There have also been a fair amount of problems
with coffee supplies anyway. High quality coffees are becoming
increasingly scarce, at the same time as competition for them
becomes more intense. Crop damage in Colombia and government
interference in Ethiopia have combined to restrict the supply of
top grade Arabicas.
The Colombian situation has led to a scramble
for coffees to fill contracts sold a year or more in advance.
Colombia is the second largest producer of Arabica coffee in the
world (Brazil is first) and finding effective substitutes means
skimming the cream of central and South American crops. It also
involves paying a lot more. Prices are up about 20% this year,
but so far the increase hasn't been passed on to the
consumer.
The Ethiopian situation is a lot trickier.

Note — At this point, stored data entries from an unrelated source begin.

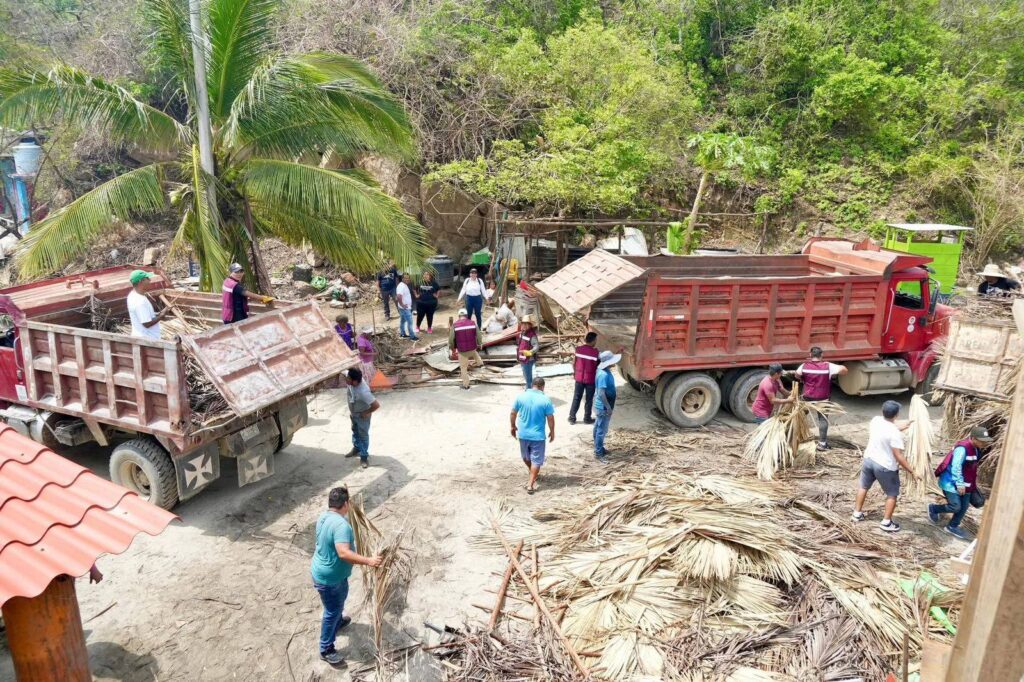 Aunado a ello, se realizaron acciones de limpieza los días 23 y 24 de junio en Santiago Pinotepa Nacional, en las localidades de Banco de Oro y Playa Guadalupe. Asimismo, en Corralero, se removieron 23 toneladas de escombros con 2 camiones y 2 retroexcavadoras; en Mariano Matamoros fueron 8 toneladas con 1 camión y 1 retroexcavadora; mientras que, en Paso de la Garrocha, 28 toneladas con 1 camión y 1 retroexcavadora.
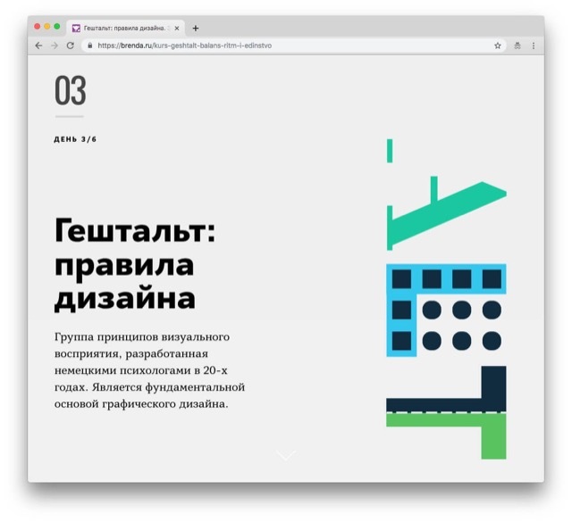 | | | 1 — Закон фигура-фон. 2 — Закон групировки (близости). 3 — Закон повторения 4 — Закон непрерывности. 5 — Закон сходства. 6 — Закон симметрии. Больше узнать о законах восприятия информации в платном уроке «Гештальт: баланс, ритм и единство» | | | | | Купить интерактивный онлайн-курс по графическому дизайну | | Два клика — образовательный онлайн-курс по графическому дизайну. Содержит проверочные тесты, профессиональный словарь терминов и интерактивные примеры. Предназначен для дизайнеров, менеджеров, маркетологов и предпринимателей. | | | | | | | | В следующих уроках — Введение в гештальт. Основные принципы визуального восприятия в графическом дизайне | | | | Гештальт (форма, образ) – объединение вещей (звуки, визуальные элементы, чувства) в единое целое. Теория гештальта как раздел психологии, основанная в 1890-х годах, зародилась в Германии в 1920-х годах.
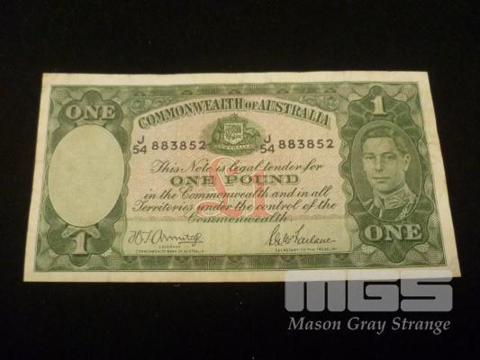 1942 AUSTRALIAN ONE POUND BANKNOTE, ARMITAGE/MACFARLANE
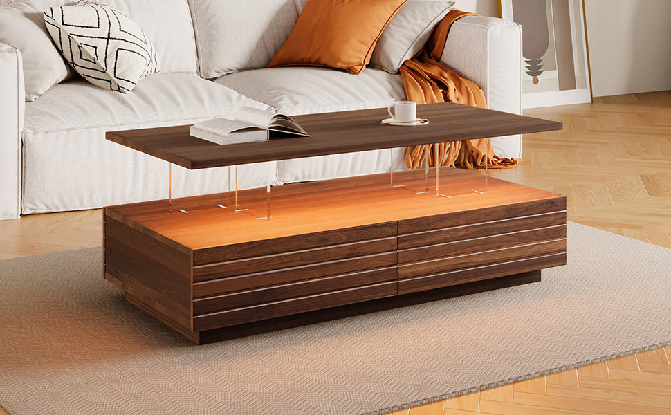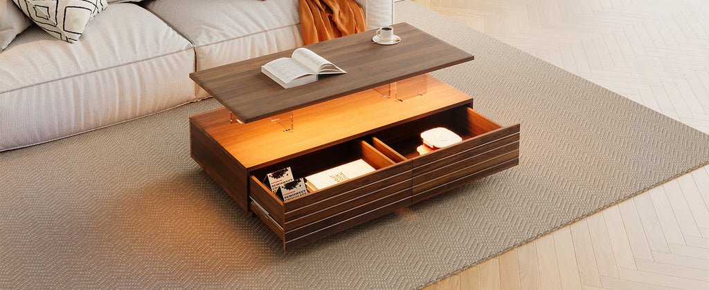 - Multi-Color LED Lighting: The coffee table features LED lights with multiple color options and adjustable brightness, allowing you to create a stylish and dynamic ambiance in your living room. The lighting can be customized to match your mood or decor.

Coffee exports have been taken over by the Ethiopian government,
mostly because coffee earns 60% of Ethiopia's foreign currency
inflows and the government perceived that they weren't getting a
big enough piece of the action.
The problem is that the government doesn't
understand specialty coffee and treats the whole crop as a
commodity, like wheat or oil. Good, bad or indifferent, it's all
being lumped in together at present, so getting hold of quality
Ethiopian coffees is a lottery.
One really bright point among the gloom (for me)
is Cuban coffee. I've just taken delivery of a tonne of Cuba
Serrano Lavado. This is a bit more green coffee than I usually
buy all at once but it was the minimum(!) amount if I wanted the
coffee at all. Not to mention the price, and that I have to pay
for it all at once. Five figure green coffee bills are a bit of
a shock to the system!
But ... it does mean that I've got another
year's assured supply of Café de Cuba locked up. And I can sleep
peacefully knowing that I don't need to dramatically reformulate
my espresso blends.
Finally, some young people overseas have started
playing with the concept of removing crema from espresso. Here
is my response to them:
"I've already commented on Home Barista, but
I'll tell you this: 37 years ago the guy that first taught me to
pull an espresso shot (on an ancient Rancilio lever machine )
lined me and 2 other apprentice idiots up (sorry,
waiters-in-training) and made us taste straight espressos.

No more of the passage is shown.